Definisi ehtnosentrisme dapat dilihat dari beberapa pandangan
ilmu. Menurut sosiologi, ethnosentrisme didefinisikan sebagai suatu
pandangan yang membedakan antara ingrup (individu-individu yang
mengidentifikasi grup yang lain) dan outgrup (individu-individu yang
dianggap memusuhi ingrup) dan menganggap bahwa kelompok
mereka sendiri (ingrup) adalah superior dan pusat dari segala sesuatu
(Alsughayir, 2013; Chen, 2008; Lantz & Loeb, dalam Chen 2008).
kecenderungan dalam menilai diri sendiri adalah benar dan menilai
orang lain menurut kehendak mereka sendiri (Ueltschy, dalam Chen
2008).
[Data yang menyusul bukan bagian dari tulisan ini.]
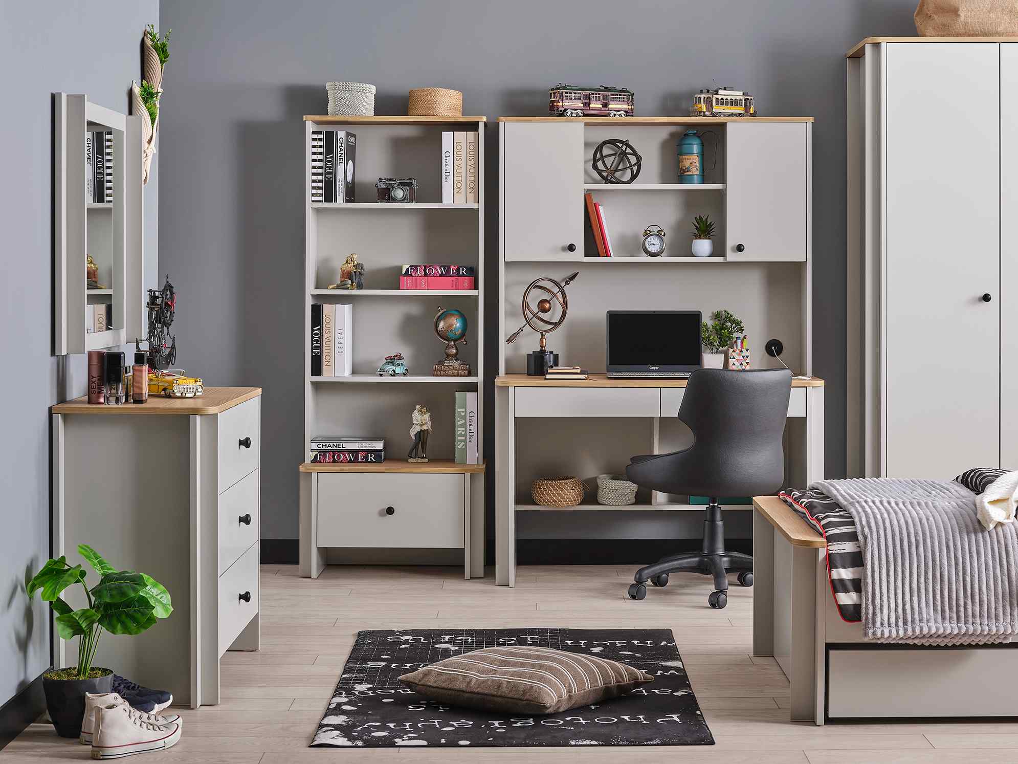 Der KUPA Sirius Schreibtisch ist der ideale Arbeitsplatz für trendbewusste Jugendliche. Er verbindet cooles, mattes Grau mit einer robusten Arbeitsplatte in Eiche-Optik. Das stilvolle Bicolor-Design schafft eine moderne Lernumgebung. Neben der großzügigen Arbeitsfläche überzeugt der Tisch durch cleveren Stauraum: Zwei breite Schubladen und zusätzliche offene Fächer unter der Tischplatte sorgen für perfekte Ordnung.

Pada psikososial, ethnosentrisme juga menjadi konstruk yang
memiliki relevansi dengan kepribadian individu dan analisis kultural
serta sosial secara umum (Levine & Campbell dalam Shimp &
Sharma, 1987).
Konsep umum dari ethnosentrisme adalah sikap individu yang
melihat bahwa kelompok mereka sebagai pusat dari segalanya dan
menilai kelompok lain menurut perseptif kelompok mereka sendiri
dan menolak budaya lainnya (Booth; Worchel & Cooper dalam Shimp
& Sharma, 1987). Secara lebih spesifik, LeVine & Campbell (dalam
Sharma, Shimp & Shin, 1995) menyebutkan kecenderungan
ethnosentrisme merupakan kecenderungan sikap untuk: (1)
membedakan berbagai kelompok, (2) yang hanya tertarik dengan
urusan kelompoknya sendiri, (3) melihat kelompok sendiri sebagai
pusat dari dunia dan menganggap cara hidupnya lebih unggul
dibandingkan dengan yang lain, (4) menjadi curiga dan meremehkan
kelompok lain, (5) melihat kelompok sendiri sebagai superior, kuat
dan jujur, (6) melihat kelompok lain sebagai inferior, lemah dan
pembuat masalah yang tidak jujur.
Pradesta (2014) yang mengatakan bahwa ethnosentrisme
merupakan suatu kecenderungan dalam memandang norma dan nilai
standar untuk mengukur serta mengambil sikap terhadap kebudayaan
lain. Selain itu, ethnosentrisme merujuk pada sikap, kepercayaan,
standar, dan perilaku individu yang berlebih pada sesuatu (Summer
dalam Zhaki, 2014). Dalam dunia konsumen, ethnosentrisme
dikatakan sebagai konstruk yang mampu menjelaskan mengapa
konsumen menilai produk dalam negeri lebih unggul daripada produk
impor. Ethnosentrisme konsumen didefinisikan sebagai suatu
kepercayaan konsumen mengenai kesesuaian dan moralitas dalam
membeli produk impor dan dengan pembelian produk impor itu sendiri
merupakan suatu kesalahan karena menimbulkan kerusakan ekonomi
lokal (Shimp & Sharma, 1987).
Berdasarkan paparan definisi ethnosentrisme dalam
konsumen, sikap dipilih karena merupakan suatu bentuk tindakan akan
kepercayaan konsumen dalam menilai dan membeli suatu produk.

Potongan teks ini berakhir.